● AIM OF THE EXERCISE
Write out again the lines from the line with "PD-8921是一款嵌入式超" up to and including the line with "Since we have", exactly as they stand below, and skip any picture.

● STORED DATA

>>>>

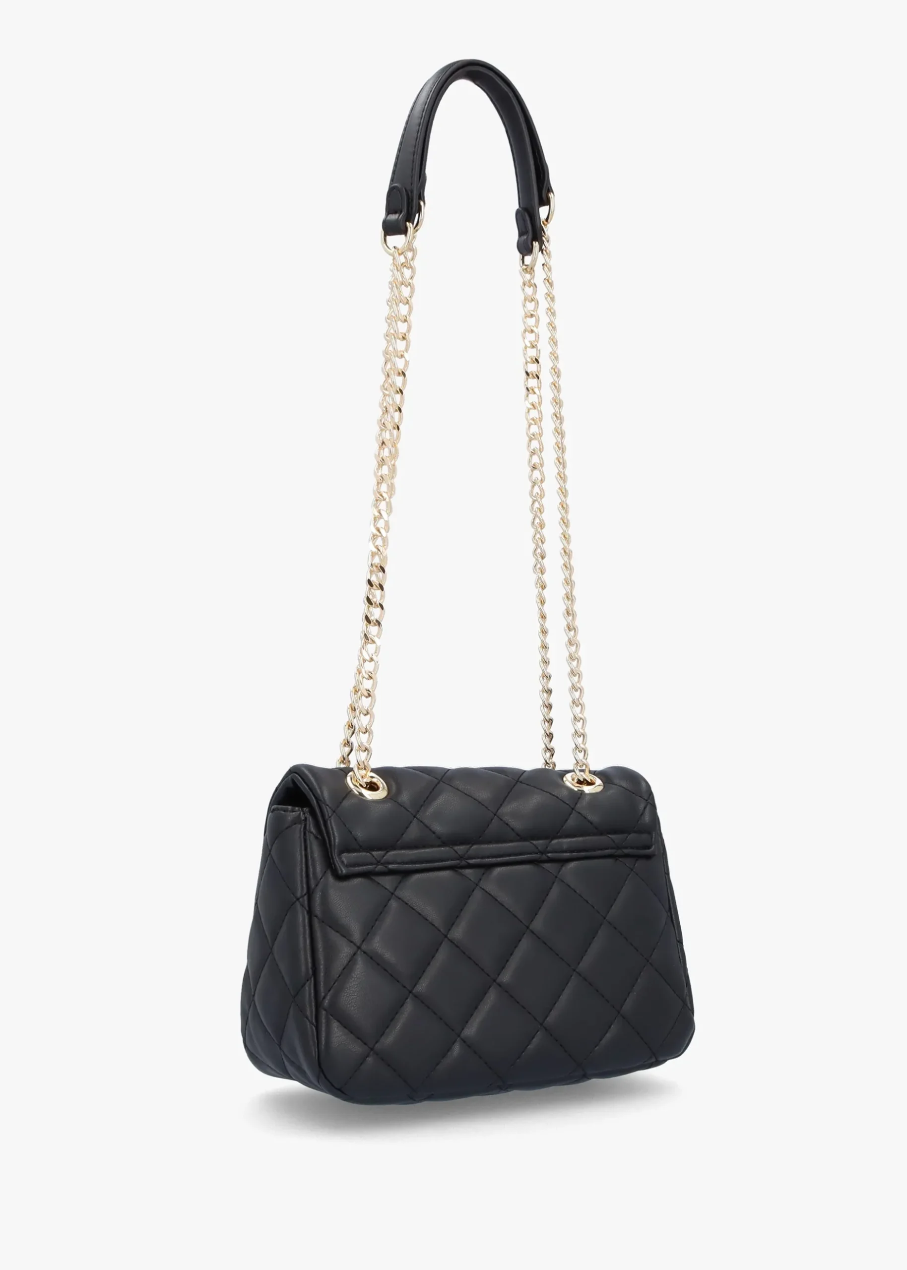 Buy the ‘Mini Ocarina Quilted’ shoulder bag from Valentino. This day to dark style is crafted from premium PU made from part recycled materials in a classic quilted design with polished gold tone accents. The secure push lock front fastening reveals the main compartment with handy inner zip and slot pocket, Carry by the adjustable chain and PU strap on the shoulder or across the body. Signature Valentino branding is seen throughout.
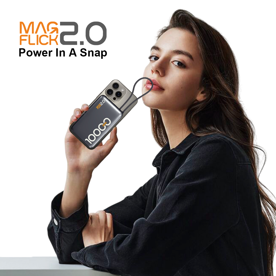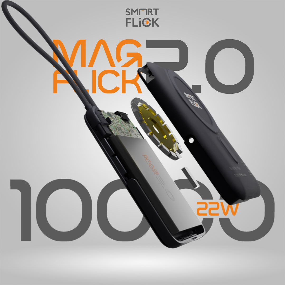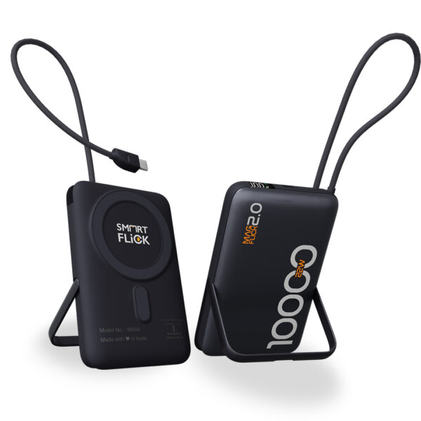 Magflick 2.0 10000Mah Power Bank With Stand, 15W Wireless Charging & 22W Wired Charging, Built-In Type-C Cable Compatible With iPhone 17/16/15/14/13 & Android Devices (Magnetic Ring Included) (Grey)
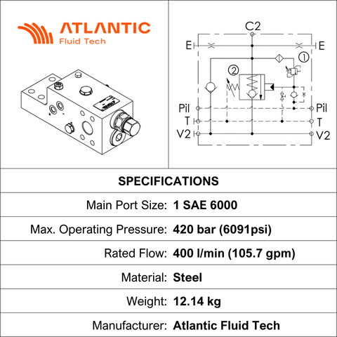 ML000081 • CHECK & METERING VALVE ISO8643 • 1" SAE 6000 × 1 AND 1" SAE 3000/6000 × 1 AND G 1/4" × 3 • 420 BAR • 400 LPM • AFT
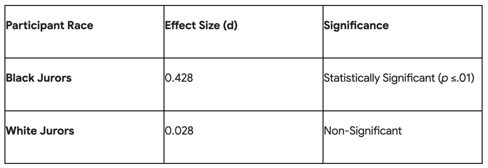 The table tracks the effect size (d) of racial bias, where a positive number indicates a tendency to render harsher judgments against out-group defendants and more lenient judgments for in-group defendants. The data shows that Black jurors exhibit a moderate, statistically significant in-group bias effect size of d = 0.428.12 In sharp contrast, White jurors demonstrate a negligible, statistically non-significant effect size of d = 0.028.13
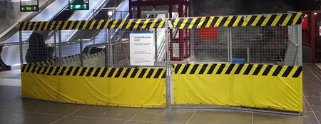 Couverture d'avertissement haute visibilité en jaune et noir, conçue pour s'adapter aux panneaux de clôture temporaire standard (2m x 3,5m). Idéale pour améliorer la sécurité et la visibilité sur les chantiers de construction et autres zones restreintes.
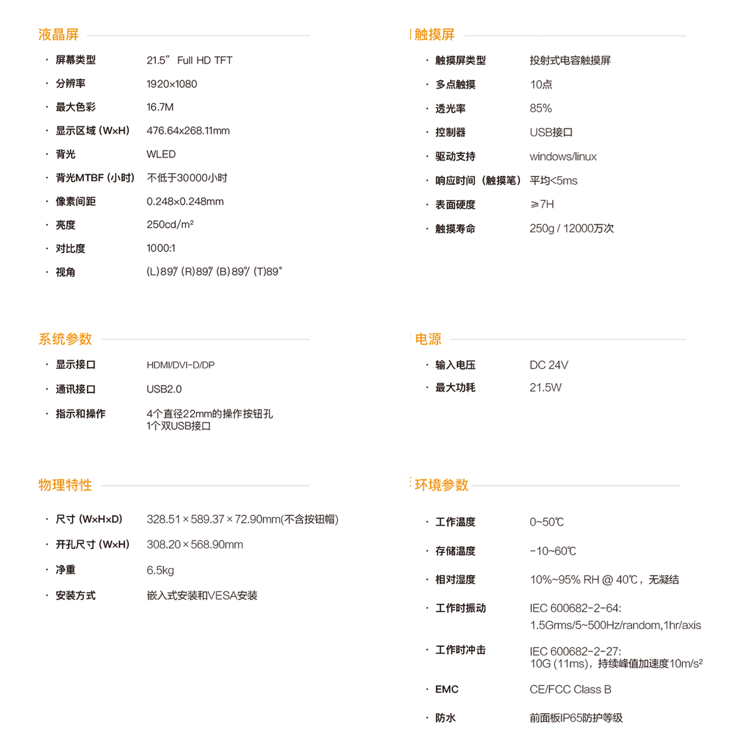 PD-8921是一款嵌入式超薄型带按钮的竖屏工业触控面板,配备21.5”分辨率为1920x1080的高清液晶显示屏、投射式多点电容触摸屏,支持HDMI、DVI、DP三种信号传输接口和多个USB2.0接口扩展,PC与触控面板最远通讯距离可达30米,整机DC24V供电,前面板IP65防护等级,接口全部采用紧固设计,且通过CE/FCC认证,可适用于严苛的人机交互工业现场。
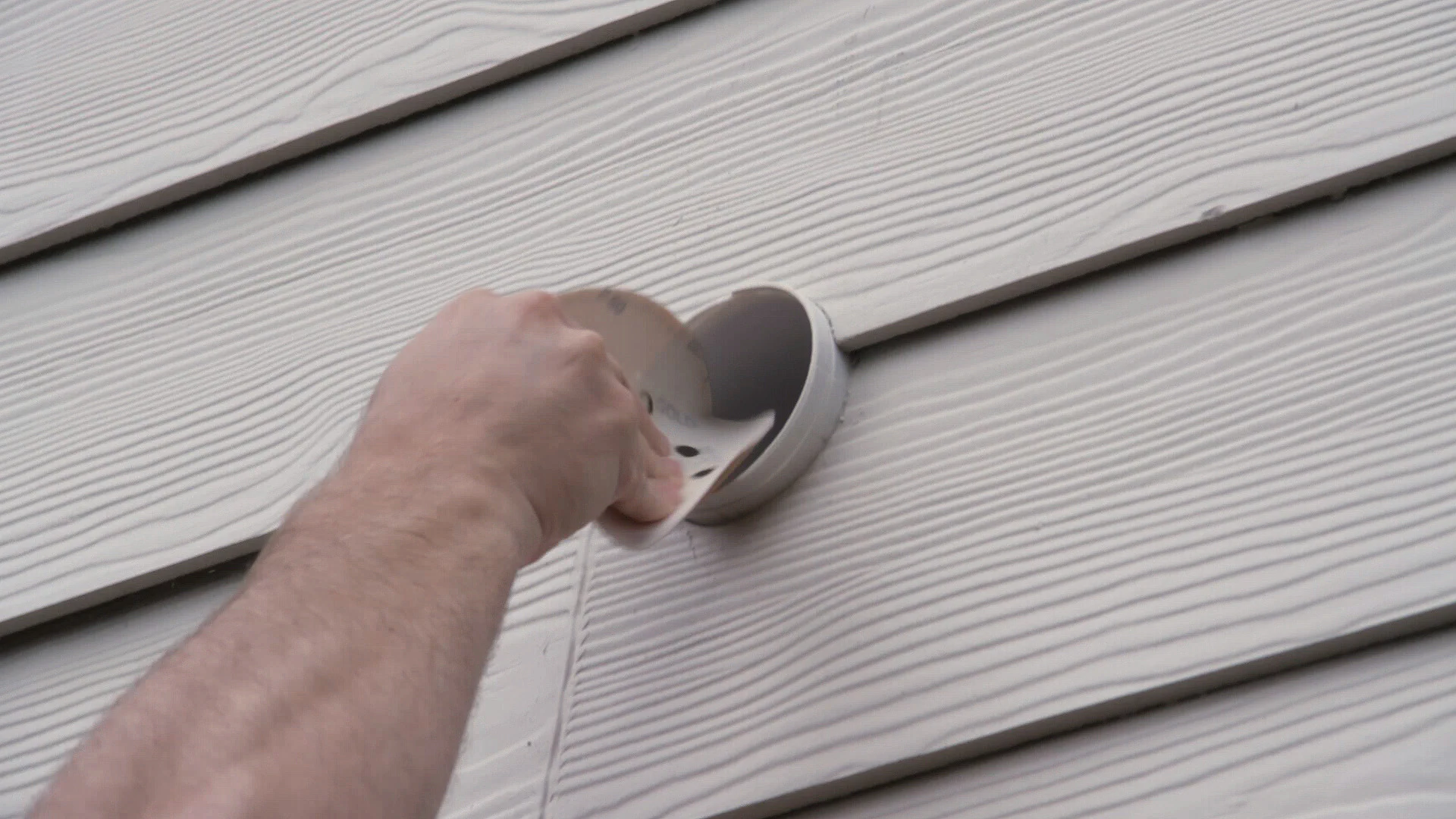 Since we have fiber cement siding I decided to finish cutting it from the outside to avoid any damage. This actually ended up working better than I expected using the hole saw and the end result turned out pretty nice.
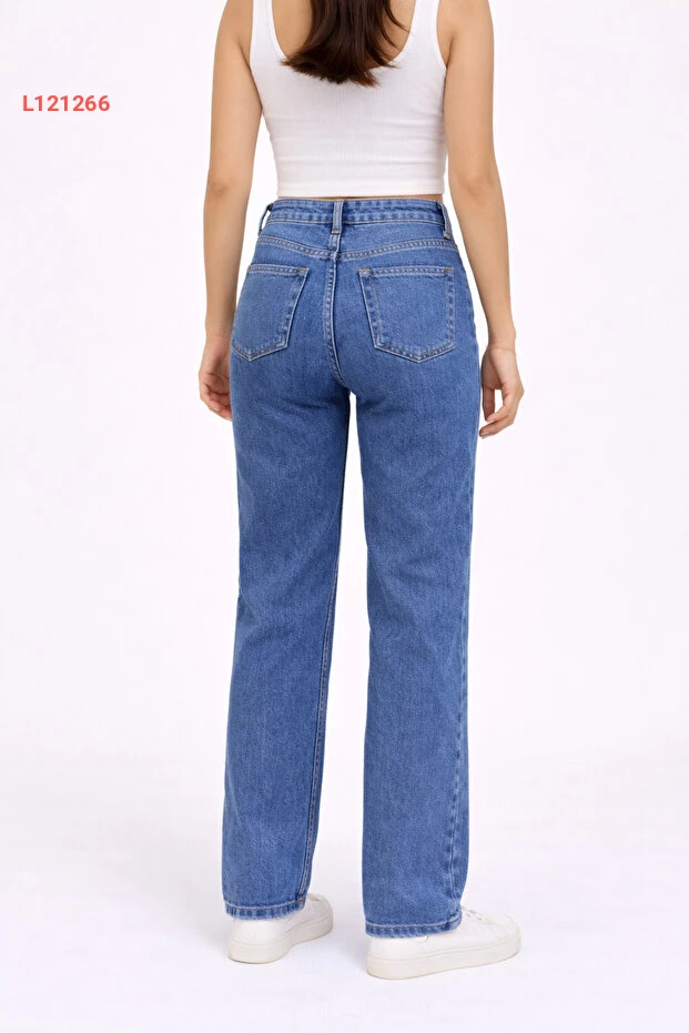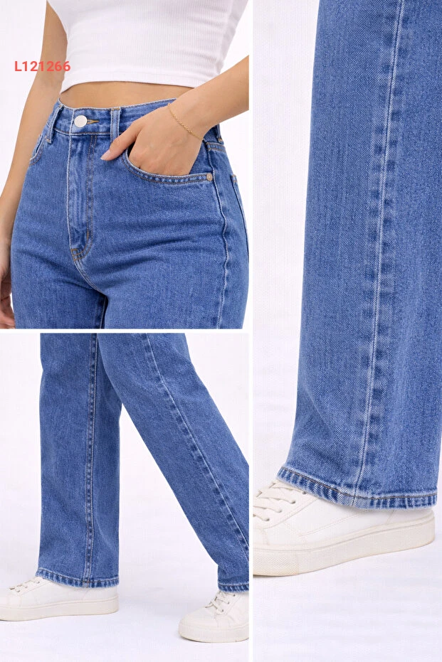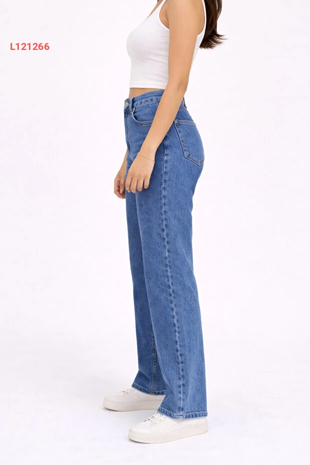 اختاري إطلالة عصرية ومريحة مع بنطلون الجينز النسائي بلون الأزرق المتوسط، والذي يأتي بتصميم عالي الخصر وقصة مستقيمة مع ساق واسعة. مصنوع من قماش ديميم مرن، يضمن لكِ راحة مثالية خلال اليوم مع لمسة من الأناقة، مما يجعله الخيار المثالي لجميع مناسباتك!
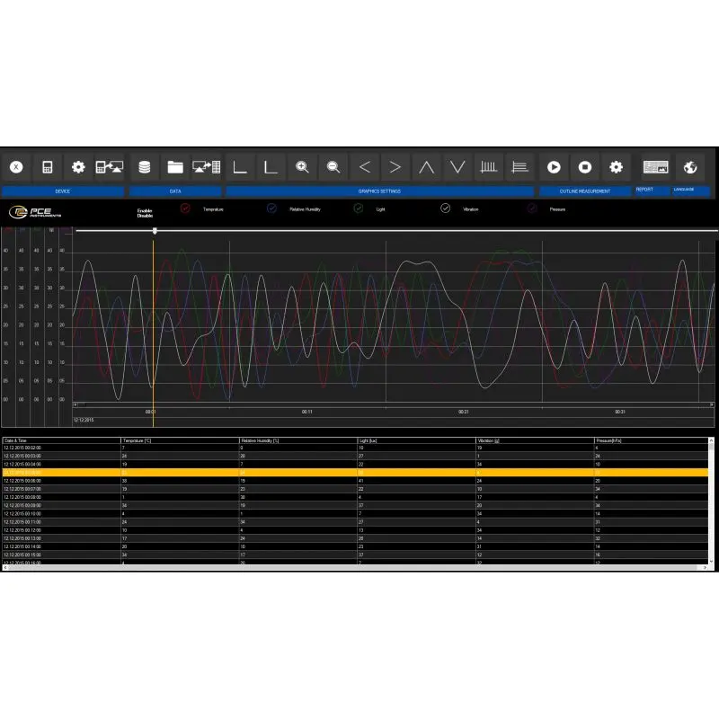 The hygrometers of the PCE-VDL series are available in two versions. The hygrometer PCE-VDL 16I contains sensors for the following physical units: temperature, humidity, air pressure, light and 3-axis acceleration.
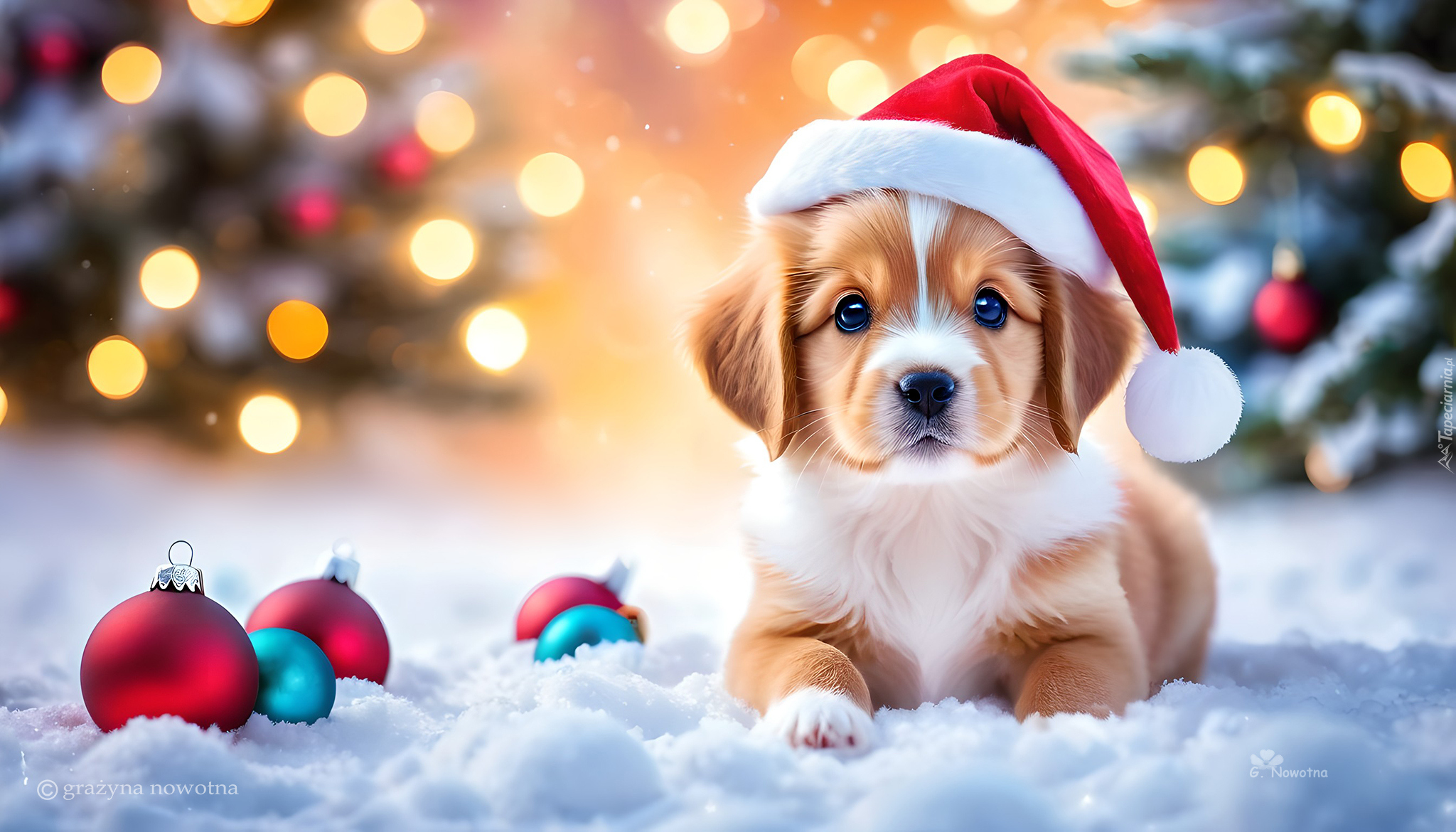 Edytor tapety: Szczeniak w czapce Mikołaja

<<<<

● EXERCISE SOLUTION
 PD-8921是一款嵌入式超薄型带按钮的竖屏工业触控面板,配备21.5”分辨率为1920x1080的高清液晶显示屏、投射式多点电容触摸屏,支持HDMI、DVI、DP三种信号传输接口和多个USB2.0接口扩展,PC与触控面板最远通讯距离可达30米,整机DC24V供电,前面板IP65防护等级,接口全部采用紧固设计,且通过CE/FCC认证,可适用于严苛的人机交互工业现场。
 Since we have fiber cement siding I decided to finish cutting it from the outside to avoid any damage. This actually ended up working better than I expected using the hole saw and the end result turned out pretty nice.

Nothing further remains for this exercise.